Recorded information
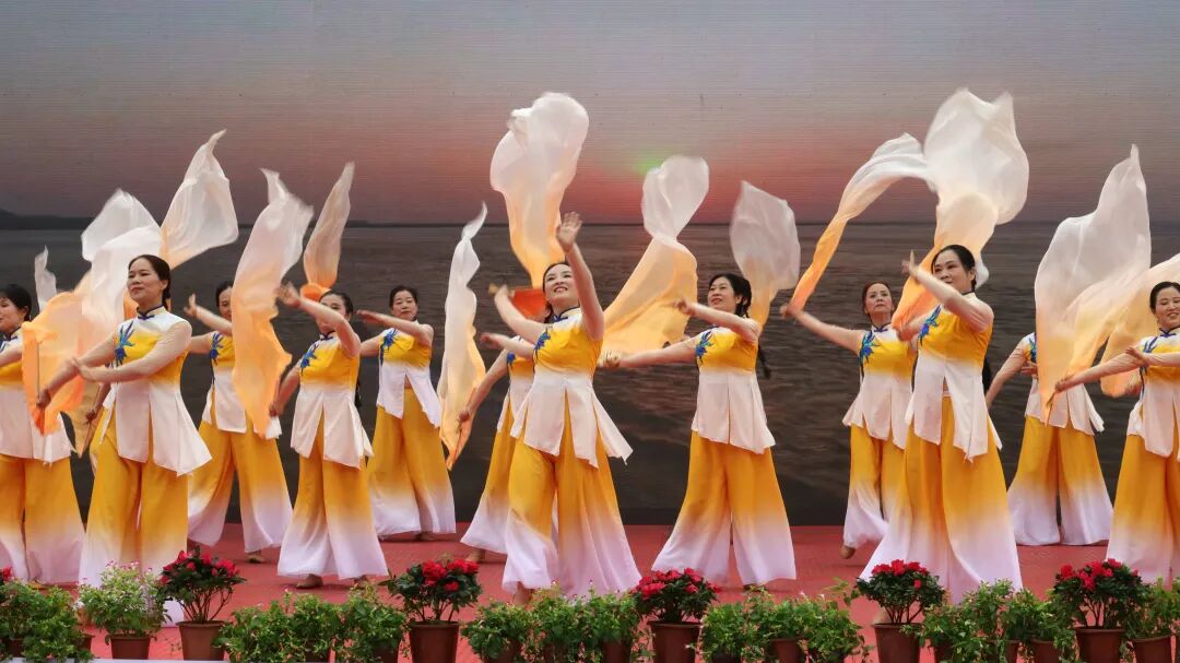 比赛现场,参赛队伍接连登场演出,队员们精神饱满,神采飞扬,他们身着色彩鲜艳的服装,踏着优美的舞步,伴随着动感的音乐旋律翩翩起舞,动作轻柔舒缓,队形变化有序,每一支舞蹈都展示了新时代群众昂扬向上、奋发图强的精神风貌。
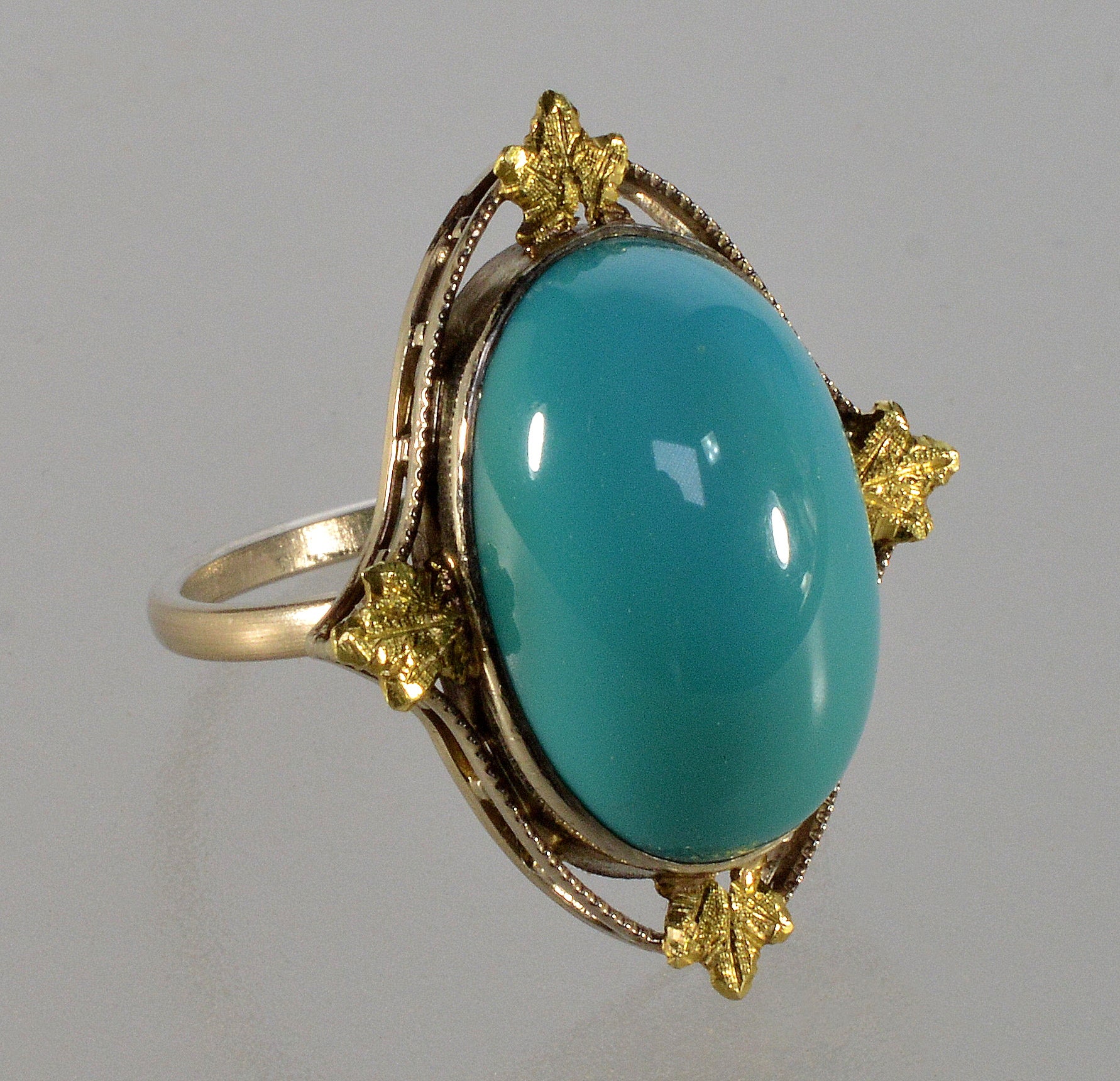 natural turquoise oval cabochon set in 2-tone 14K gold.
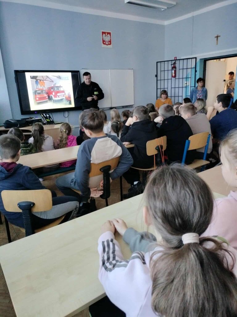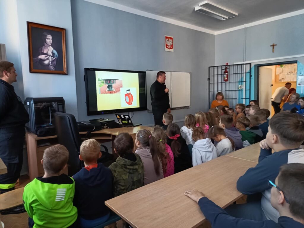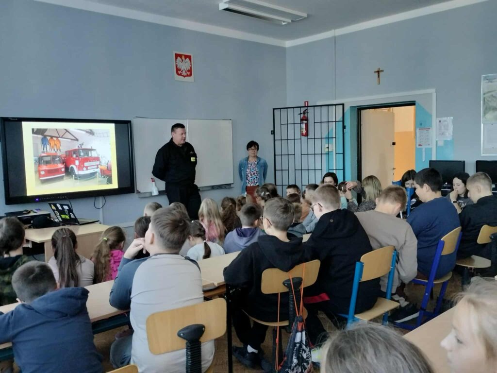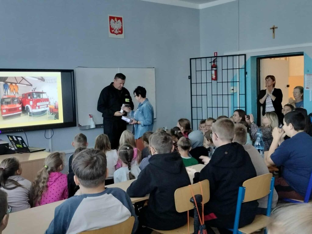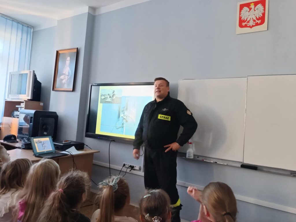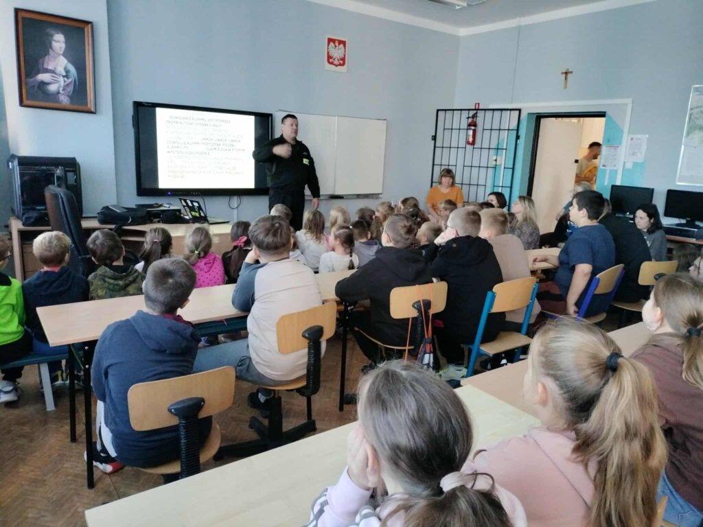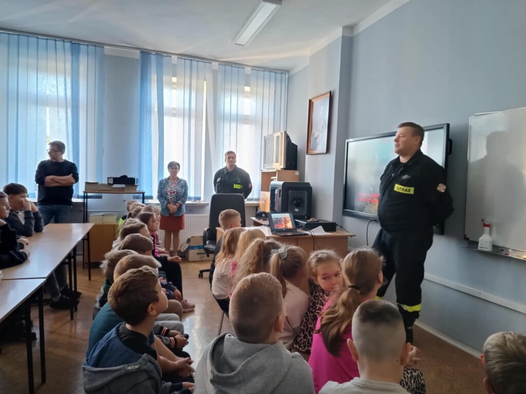 Strażacy przybliżyli uczniom oraz nauczycielom tematykę obowiązującego w Polsce systemu alarmowania i ostrzegania ludności. Omówili szczegółowo rodzaje sygnałów alarmowych, ich znaczenie oraz sposób, w jaki są przekazywane. Zwrócili uwagę na konieczność uważnego reagowania na komunikaty ostrzegawcze i stosowania się do obowiązujących procedur.

Work item
When you repeat the data, keep every line exact and drop the images.

Exercise response
 比赛现场,参赛队伍接连登场演出,队员们精神饱满,神采飞扬,他们身着色彩鲜艳的服装,踏着优美的舞步,伴随着动感的音乐旋律翩翩起舞,动作轻柔舒缓,队形变化有序,每一支舞蹈都展示了新时代群众昂扬向上、奋发图强的精神风貌。
 natural turquoise oval cabochon set in 2-tone 14K gold.
 Strażacy przybliżyli uczniom oraz nauczycielom tematykę obowiązującego w Polsce systemu alarmowania i ostrzegania ludności. Omówili szczegółowo rodzaje sygnałów alarmowych, ich znaczenie oraz sposób, w jaki są przekazywane. Zwrócili uwagę na konieczność uważnego reagowania na komunikaty ostrzegawcze i stosowania się do obowiązujących procedur.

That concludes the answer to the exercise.